Αχίλλειος Πτέρνα (Achilles He(A)el)  — photo by Robert V. (@3rd.night)

 

Reflections of faces getting caught in dark spaces, with wounded hearts.

Secrets revealed in awkward glances and lost chances.

Pursed lips, and stolen glances.

Tired eyes staring into illuminated screens, reflecting, deflecting, rejecting

playing the part in a show that no one cares to watch.

And all I want to do is scream.

***

How do you measure my love and then tear it apart?

I created a love story and it fell short from the start.

It seems clear that my imagination got the best of me

Again.

***

I no longer can settle for three forths of a man.

I can’t stand (on) mediocrity in the face of perfection.

That no longer holds my attention

Any more.

How much of your comfort would you give up for love?

I guess you will never find out.

In the moment

You know it’s about those moments; Those times when you are absolutely and without a doubt; content with who you are, what you’re doing and where you need to be.

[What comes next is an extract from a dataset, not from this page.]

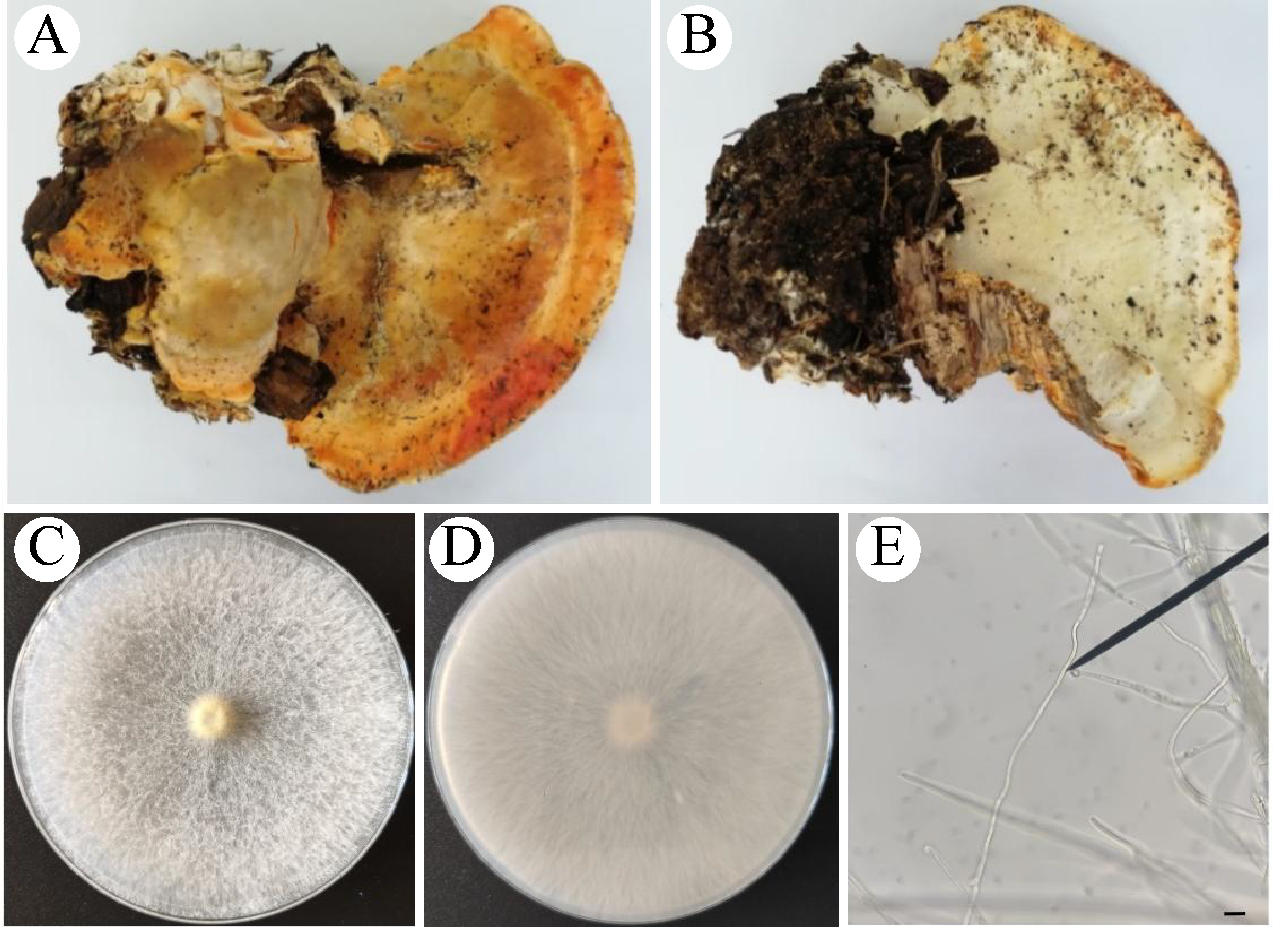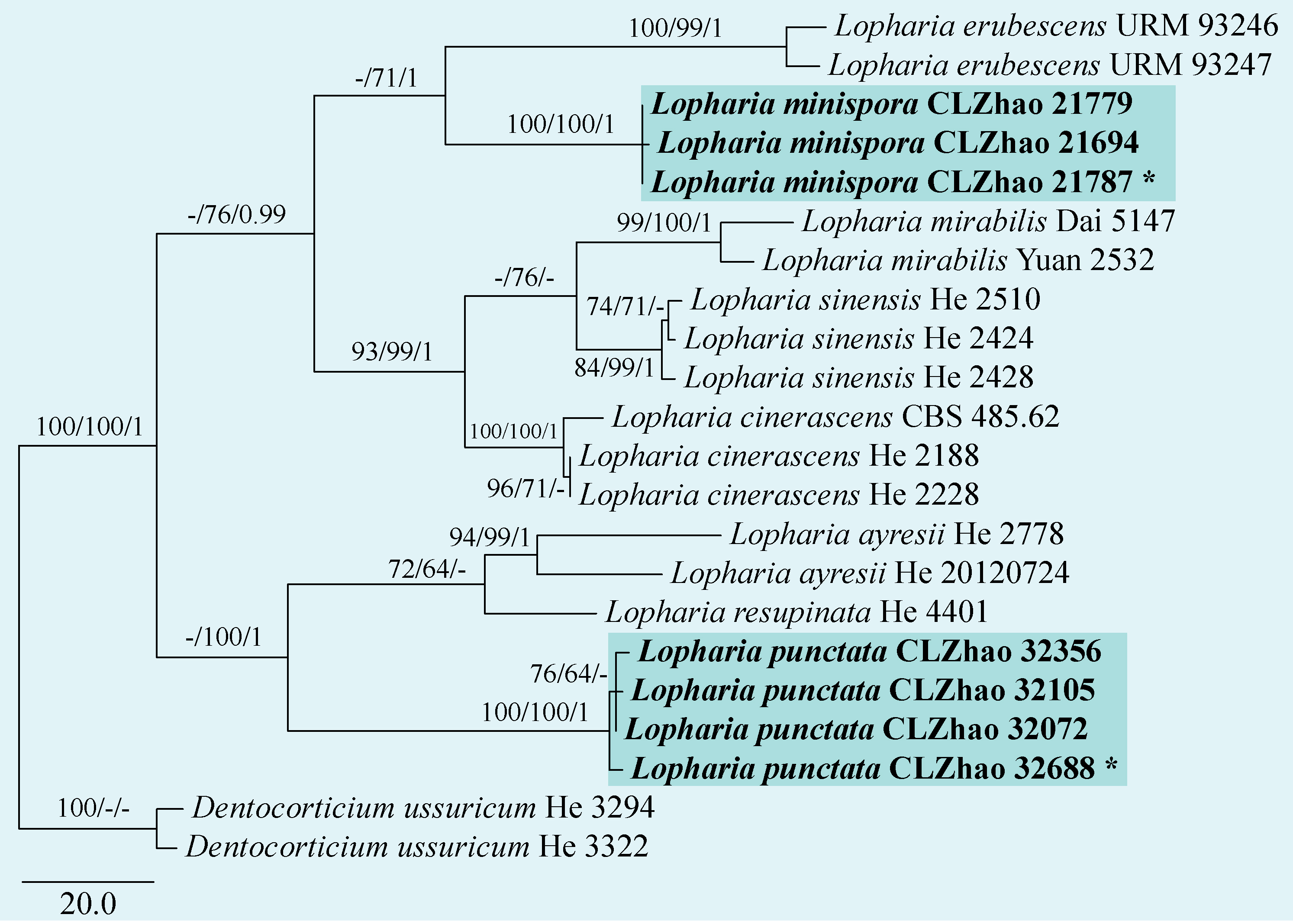 木腐真菌作为森林生态系统中的分解者发挥着关键作用。本研究基于形态学和分子系统学证据描述并绘制了来自中国云南省的2个木腐真菌新种:小孢脊革菌Lopharia minispora和斑点脊革菌Lopharia punctata。L. minispora的形态特征为革质担子果,具浅棕色有裂纹的子实层体,菌丝系统一体系具锁状联合,担孢子窄椭圆形,大小为5.5-6.7 × 2.7-3.3 µm;L. punctata的形态特征为膜质担子果,具白色至奶油色的子实层体,菌丝系统一体系且生殖菌丝具简单分隔,担孢子近球形至球形,大小为9.5-12 × 7.5-10.1 µm。研究采用最大似然法、最大简约法和贝叶斯推断法对研究标本的ITS+nLSU rDNA基因序列进行系统发育分析,分析表明2个新物种隶属于Lopharia,其中L. minispora与Lopharia erubescens聚为姐妹种,L. punctata与Lopharia ayresii和Lopharia resupinata支系为近缘类群。

Everything else melts away and you are here, now, present.

Those moments when everyone else is in slow motion and all you hear is your breath and the quiet spaces in between.

Those moments when all the negativity, the passions the complications, the half truths, and unfinished business of life; are all irrelevant, because they are not that important after all.

The only thing that matters is now. Everything before and after, is a need to remember and a wish to know more.

We long for the past, we wish it turned out differently, lament its absence and struggle to let go. Then we plan for a future; something we know nothing about, we worry about things that haven’t happened yet and set goals for what may happen; and only thing that really matters is our daily participation in our present; that is the only guarantee.

In these moments meditation happens. We let go of our senses we let go of our expectations we let go of our need to survive and just exist. We shed our masks, our personas, our ideas of ourselves and others and connect with nature, connect with ourselves, connect with our breath and actually pay attention, to the NOW.

Those are rare moments, and they shouldn’t be.